The storm, the costliest hurricane in Texas history, killed at least 195 people and knocked out power to Beswick’s lab – and then the backup generators failed. She lost painstakingly collected samples, and while colleagues were able to replace some of the collection, the disaster got her thinking about relocating to a higher and drier environment.

“Part of me wondered whether I should pursue some new opportunities if they came up,” Beswick says. When she found an ad for a job in a new translational medicine program at UNM, “it was very intriguing,” she says.

When she arrived in New Mexico in 2009, Beswick had already earned an outsized reputation for her work with Heliobactor pylori, a bacterium that in the 1980s was shown to cause stomach ulcers. Beswick’s research supported theories that long-term inflammation caused by chronic H. pylori infection was a risk factor for gastric cancer.

Many people around the world test positive for H. pylori infection, Beswick says, but only about 1 percent are diagnosed with gastric cancer (although it is the second-leading cause of cancer death worldwide).

As to why that may be, Beswick says, “I think it’s the combination of H. pylori and a carcinogen or an environmental toxin.” In fact, she says, she uses the bacterium and a known carcinogen to induce gastric cancer in mice for her research.
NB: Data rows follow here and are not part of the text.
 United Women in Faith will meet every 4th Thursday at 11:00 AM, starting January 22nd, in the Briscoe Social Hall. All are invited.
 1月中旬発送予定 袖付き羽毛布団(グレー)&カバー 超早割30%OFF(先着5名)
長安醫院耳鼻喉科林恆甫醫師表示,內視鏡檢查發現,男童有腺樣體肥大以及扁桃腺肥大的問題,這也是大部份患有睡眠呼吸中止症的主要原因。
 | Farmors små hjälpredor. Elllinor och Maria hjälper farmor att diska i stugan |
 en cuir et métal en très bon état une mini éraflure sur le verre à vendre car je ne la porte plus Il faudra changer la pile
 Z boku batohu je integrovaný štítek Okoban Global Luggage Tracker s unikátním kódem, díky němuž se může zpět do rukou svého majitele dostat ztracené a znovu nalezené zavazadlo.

While Beswick has been looking at one cell-signaling pathway, Morris has been exploring another cell signaling protein called “granulocyte colony-stimulator factor” (G-CSF), which may play a role in stimulating tumor growth. Morris realized that when G-CSF was given to cancer patients who had low white blood cell counts due to chemotherapy, there was a trend toward decreased survival.
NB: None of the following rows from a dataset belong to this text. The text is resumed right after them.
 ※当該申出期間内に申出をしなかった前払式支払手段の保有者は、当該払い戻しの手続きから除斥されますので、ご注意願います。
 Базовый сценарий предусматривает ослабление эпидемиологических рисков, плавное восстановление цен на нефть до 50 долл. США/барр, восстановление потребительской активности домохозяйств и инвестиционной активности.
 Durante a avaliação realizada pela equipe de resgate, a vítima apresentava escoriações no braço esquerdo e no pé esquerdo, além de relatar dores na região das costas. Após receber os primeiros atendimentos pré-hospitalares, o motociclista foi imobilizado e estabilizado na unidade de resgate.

The substance raises levels of white blood cells known as neutrophils, Morris says. “There’s some indication they can be hijacked by the tumor to make the cancer more progressive,” she says. The neutrophils likely help the tumor bypass tissue barriers and escape into the body’s general circulation, promoting distant metastases.

Beswick and Morris first met in 2006, when Morris was practicing in Portland, Ore., and Beswick interviewed for a research job there. They reconnected in 2010 when Morris relocated to UNM. Now, Morris spends two days a week in their lab in the Multidisciplinary Research Facility, which is equipped with a flow cytometry machine (“a laser-based cell analyzer,” Beswick explains), and a device that performs real-time DNA analysis using the polymerase chain reaction.
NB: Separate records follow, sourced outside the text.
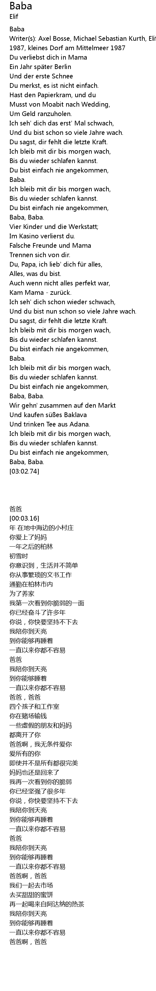 | [00:03.16] | Writer s: Axel Bosse, Michael Sebastian Kurth, Elif Demirezer |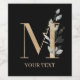 Lettre M monogramme floral. Lettre M en texture brun doré accentué de feuilles composés d'aquarelle verte, fleurs de fleurs et poussière d'or. Personnalisez avec le nom dans la police correspondante.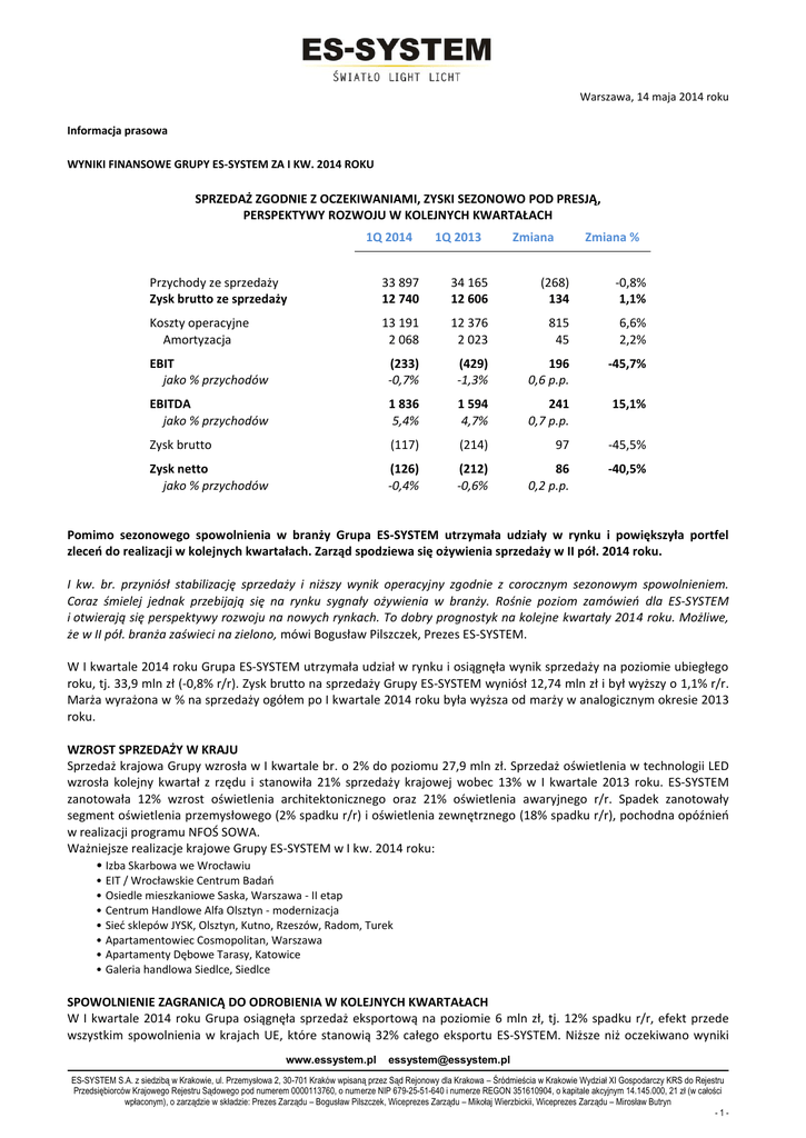 Warszawa, 14 maja 2014 roku Informacja prasowa WYNIKI FINANSOWE GRUPY ES-SYSTEM ZA I KW. 2014 ROKU SPRZEDAŻ ZGODNIE Z OCZEKIWANIAMI, ZYSKI SEZONOWO POD PRESJĄ, PERSPEKTYWY ROZWOJU W KOLEJNYCH KWARTAŁACH 1Q 2014 1Q 2013 Zmiana Zmiana % Przychody ze sprzedaży Zysk brutto ze sprzedaży 33 897 12 740 34 165 12 606 (268) 134 -0,8% 1,1% Koszty operacyjne Amortyzacja 13 191 2 068 12 376 2 023 815 45 6,6% 2,2% EBIT jako % przychodów (233) -0,7% (429) -1,3% 196 0,6 p.p. -45,7% EBITDA jako % przychodów 1 836 5,4% 1 594 4,7% 241 0,7 p.p. 15,1% Zysk brutto (117) (214) 97 -45,5% Zysk netto jako % przychodów (126) -0,4% (212) -0,6% 86 0,2 p.p. -40,5% Pomimo sezonowego spowolnienia w branży Grupa ES-SYSTEM utrzymała udziały w rynku i powiększyła portfel zleceń do realizacji w kolejnych kwartałach. Zarząd spodziewa się ożywienia sprzedaży w II pół. 2014 roku. I kw. br. przyniósł stabilizację sprzedaży i niższy wynik operacyjny zgodnie z corocznym sezonowym spowolnieniem. Coraz śmielej jednak przebijają się na rynku sygnały ożywienia w branży. Rośnie poziom zamówień dla ES-SYSTEM i otwierają się perspektywy rozwoju na nowych rynkach. To dobry prognostyk na kolejne kwartały 2014 roku. Możliwe, że w II pół. branża zaświeci na zielono, mówi Bogusław Pilszczek, Prezes ES-SYSTEM. W I kwartale 2014 roku Grupa ES-SYSTEM utrzymała udział w rynku i osiągnęła wynik sprzedaży na poziomie ubiegłego roku, tj. 33,9 mln zł (-0,8% r/r). Zysk brutto na sprzedaży Grupy ES-SYSTEM wyniósł 12,74 mln zł i był wyższy o 1,1% r/r. Marża wyrażona w % na sprzedaży ogółem po I kwartale 2014 roku była wyższa od marży w analogicznym okresie 2013 roku. WZROST SPRZEDAŻY W KRAJU Sprzedaż krajowa Grupy wzrosła w I kwartale br. o 2% do poziomu 27,9 mln zł. Sprzedaż oświetlenia w technologii LED wzrosła kolejny kwartał z rzędu i stanowiła 21% sprzedaży krajowej wobec 13% w I kwartale 2013 roku. ES-SYSTEM zanotowała 12% wzrost oświetlenia architektonicznego oraz 21% oświetlenia awaryjnego r/r. Spadek zanotowały segment oświetlenia przemysłowego (2% spadku r/r) i oświetlenia zewnętrznego (18% spadku r/r), pochodna opóźnień w realizacji programu NFOŚ SOWA. Ważniejsze realizacje krajowe Grupy ES-SYSTEM w I kw. 2014 roku: • Izba Skarbowa we Wrocławiu • EIT / Wrocławskie Centrum Badań • Osiedle mieszkaniowe Saska, Warszawa - II etap • Centrum Handlowe Alfa Olsztyn - modernizacja • Sieć sklepów JYSK, Olsztyn, Kutno, Rzeszów, Radom, Turek • Apartamentowiec Cosmopolitan, Warszawa • Apartamenty Dębowe Tarasy, Katowice • Galeria handlowa Siedlce, Siedlce SPOWOLNIENIE ZAGRANICĄ DO ODROBIENIA W KOLEJNYCH KWARTAŁACH W I kwartale 2014 roku Grupa osiągnęła sprzedaż eksportową na poziomie 6 mln zł, tj. 12% spadku r/r, efekt przede wszystkim spowolnienia w krajach UE, które stanowią 32% całego eksportu ES-SYSTEM. Niższe niż oczekiwano wyniki www.essystem.pl [email protected] ES-SYSTEM S.A. z siedzibą w Krakowie, ul. Przemysłowa 2, 30-701 Kraków wpisaną przez Sąd Rejonowy dla Krakowa – Śródmieścia w Krakowie Wydział XI Gospodarczy KRS do Rejestru Przedsiębiorców Krajowego Rejestru Sądowego pod numerem 0000113760, o numerze NIP 679-25-51-640 i numerze REGON 351610904, o kapitale akcyjnym 14.145.000, 21 zł (w całości wpłaconym), o zarządzie w składzie: Prezes Zarządu – Bogusław Pilszczek, Wiceprezes Zarządu – Mikołaj Wierzbickii, Wiceprezes Zarządu – Mirosław Butryn -1- spółka osiągnęła, między innymi we Włoszech, Niemczech oraz Szwecji. Równolegle trudna sytuacja polityczna na wschodzie Europy spowolniła niektóre projekty. Najbardziej dynamicznie rosnącym rynkiem eksportowym Grupy w I kwartale br. była Austria, gdzie realizowane są największe projekty, głównie przemysłowe. Sprzedaż w Austrii wzrosła ponad 3-krotnie i wyniosła 9,2% udziału w strukturze sprzedaży Grupy. W omawianym okresie spadek wartości hrywny ograniczył transakcje handlowe na Ukrainie, a inwestycje w dużej części zostały wstrzymane. Udział w targach Kiev Build pozwolił spółce na pozyskanie kontaktów wśród projektantów i firm budowlanych, z którymi aktualnie ES-SYSTEM prowadzi prace nad projektami. W krajach bałtyckich obserwowane jest obecnie ożywienie: na Łotwie realizowane są dostawy oświetlenia do jednego z najbardziej prestiżowych obiektów sportowych w kraju – toru bobslejowego Sigulda. Na koniec kwartału Łotwa stanowiła 2,3% w sprzedaży Grupy. W Rosji duże projekty są realizowane bez opóźnień. W I kwartale zrealizowany został kolejny etap oświetlenia kompleksu logistycznego South Gate. Dostarczane są także systemy oświetlenia awaryjnego i linie świetlne do nowo otwieranych sklepów kilku sieci. Na koniec kwartału Rosja stanowiła 9,5% udział w sprzedaży Grupy. W II-III kwartale realizowane będą projekty centrum handlowego w Kaliningradzie i Kazaniu, salony samochodowe FORD oraz Moscow Telecom City. Od końca I kwartału 2014 roku wzrasta ilość oraz wartość ofert przygotowywanych dla klientów w Austrii, Niemczech, Izraelu oraz w krajach arabskich. Od II kwartału planowana jest intensyfikacja kontaktów z nowymi firmami, z którymi nawiązany został kontakt na targach Light+Building we Frankfurcie. 80% projektów i zapytań otrzymywanych z Austrii, Niemiec i Szwajcarii dotyczy oprawy na bazie LED. W perspektywie kolejnych kwartałów br. Grupa spodziewa się także ożywienia na rynkach Słowacji i w Czechach. W III kw. br. zaplanowane zostały 3 duże projekty modernizacji oświetlenia ulicznego i parkowego w Czechach i na Słowacji. Wybrane realizacje eksportowe Grupy ES-SYSTEM w I kw. 2014 roku: Fabryka słodyczy Manner, Austria Lotnisko w Hannower, Niemcy Simmeringwerkstätte, Austria Ratusz Stadhuis, Assen, Holandia Biurowiec Central Telemetry, Kuwejt Biurowiec Agroimport, Kijów, Ukraina Obiekty biurowo-magazynowe Goldbeck, Košice, Słowacja ZYSKI SEZONO

Then there is the freezer and a backup collection of casks loaded with liquid nitrogen that can store tissue samples for weeks at a time.

“My whole goal in coming here was to be able to set up a translational research effort with someone,” Morris says. “It has been a phenomenally productive collaboration.”

Morris and Beswick spend a lot of time in the lab discussing research questions and working on manuscripts. Morris also alerts Beswick when she is scheduled to remove a tumor that a patient has consented to be used in research.

The samples come through the Human Tissue Repository, operated by the Department of Pathology. Normally, once they have used a tumor sample for diagnosis, pathologists discard the remainder, Beswick says. “Kate will let them know ahead of time and say, 'Please give this one to the Beswick lab.'"

The tumor samples can be analyzed in a dozen different ways, Beswick says. She can, for example grow connective tissue cells called fibroblasts from the sample, perform PCR analysis or study it for specific types of immune cells, like T cells and neutrophils.

“We’re analyzing things by tumor type and lymph node and metastatic stage,” Beswick says. “One of our big questions is what makes a tumor want to metastasize, because it’s the metastasis that kills the patient.”

Beswick, who with her husband spends a lot of her free time hiking and photographing in the Sandia Mountains, is grateful for the changes wrought by Hurricane Ike.

“When I came here, everything worked out better than I thought,” Beswick says. “It has been a lot easier for me to make connections and build this team here. People are friendly, willing to help and willing to collaborate. Somehow, this environment really works for me.”